Average Short Term Loan Rates in the UK — Q1 2026
Paul · Head of Lending Research & Content
March 2026 · 7 min read
Every quarter, the Nudge Finance research team analyses rates across our full panel of FCA-authorised lenders to give borrowers a clear picture of the true cost of credit. Here is what the data shows for Q1 2026 — and why the gap between the cheapest and most expensive lender is wider than most people realise.
The Q1 2026 Rate Landscape at a Glance
The Bank of England base rate has fallen from its 5.25% peak to 3.75% over the course of 2025, with the most recent cut of 0.25 percentage points taking effect in December 2025. The MPC held the rate at 3.75% at its March 2026 meeting.
For short term and high-cost credit, the base rate has limited direct influence — lenders price these products on risk, not on the Bank Rate. But for longer-term personal and instalment loans, we have seen modest rate reductions filter through to borrowers.
Q1 2026 representative APR snapshot — our lender panel
Representative APR as published at time of analysis. Your personal rate may differ. Always check the lender directly.
Short Term Loans vs Personal Loans: Why the APR Gap Is So Wide
The data above shows representative APRs ranging from 43.6% to over 1,300%. This is not a sign that some lenders are exploiting borrowers — it is a mathematical consequence of how APR works for very short loan terms.
APR annualises the cost of borrowing. A lender charging 0.8% per day (the FCA maximum) for a 30-day loan produces an APR of approximately 1,293%. But a borrower taking that loan pays 30 days of charges, not 365. The total cost on a £300 loan at the FCA maximum is £72 — not £3,879 as an annualised rate would imply.
For comparison: prime personal loan rates from high-street banks start at around 5.6% APR for borrowers with excellent credit taking £7,500 or more. For £1,000–£3,000, rates typically start at 24–39% even with a strong credit profile. The gap reflects term length and perceived risk, not just cost.
The Lenders Offering the Best Value Right Now
Value depends on your circumstances. For borrowers with fair-to-good credit looking for structured repayments, Creditspring remains notable for its subscription model — a fixed monthly membership fee replaces interest charges entirely, giving predictable costs and no APR surprises.
118118 Money at 59.9% representative APR offers a competitive rate for the fair-credit segment of the market, with instalment terms of up to 24 months giving manageable monthly payments.

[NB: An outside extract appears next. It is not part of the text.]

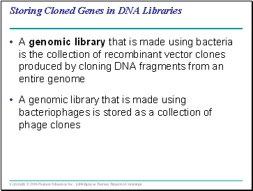A genomic library that is made using bacteria is the collection of recombinant vector clones produced by cloning DNA fragments from an entire genome

Their approval rates have been consistent through Q1.
For borrowers who need money within hours and accept the higher cost, Cashfloat and Moneyboat both process applications quickly with transparent cost disclosure upfront. Both operate within the FCA 0.8%/day cap.
Paul’s observation:
“The biggest mistake borrowers make is applying to the lender with the lowest advertised APR without checking eligibility first. If you apply to a prime lender and get declined, that hard search sits on your credit file for 12 months and makes every subsequent application harder. Use a soft-search comparison tool first.”
How Q1 2026 Compares to a Year Ago
Twelve months ago, the base rate stood at 5.25% and the rate-cutting cycle had not yet begun. Since then, the MPC has made four consecutive cuts, bringing the base rate down by 1.5 percentage points in total.
For prime personal loans, this has translated to modest improvement at the top end of the market — some lenders have reduced representative APRs by 0.5–1 percentage point. For short term and high-cost credit, the picture is essentially unchanged: these products are priced on credit risk, which has not materially improved given ongoing household cost pressures.
The average 1-year unsecured personal loan APR across the market sits at approximately 22.6% as of Q1 2026 — marginally lower than 12 months ago, but still elevated relative to the pre-2022 environment.
What Q2 2026 May Bring
The MPC’s next scheduled meeting is 30 April 2026. The consensus among economists surveyed by Reuters (45 of 50) expects a hold at 3.75%. If confirmed, borrowing costs for rate-sensitive products are unlikely to move significantly in Q2.
A further cut — possible in the second half of 2026 if inflation continues to ease — would provide modest relief for variable-rate and new personal loan borrowers. For short term borrowers, the more significant development to watch is the FCA’s ongoing price cap review, with findings expected in Q3 2026. Any structural change to the HCSTC cap would directly affect rates in this segment.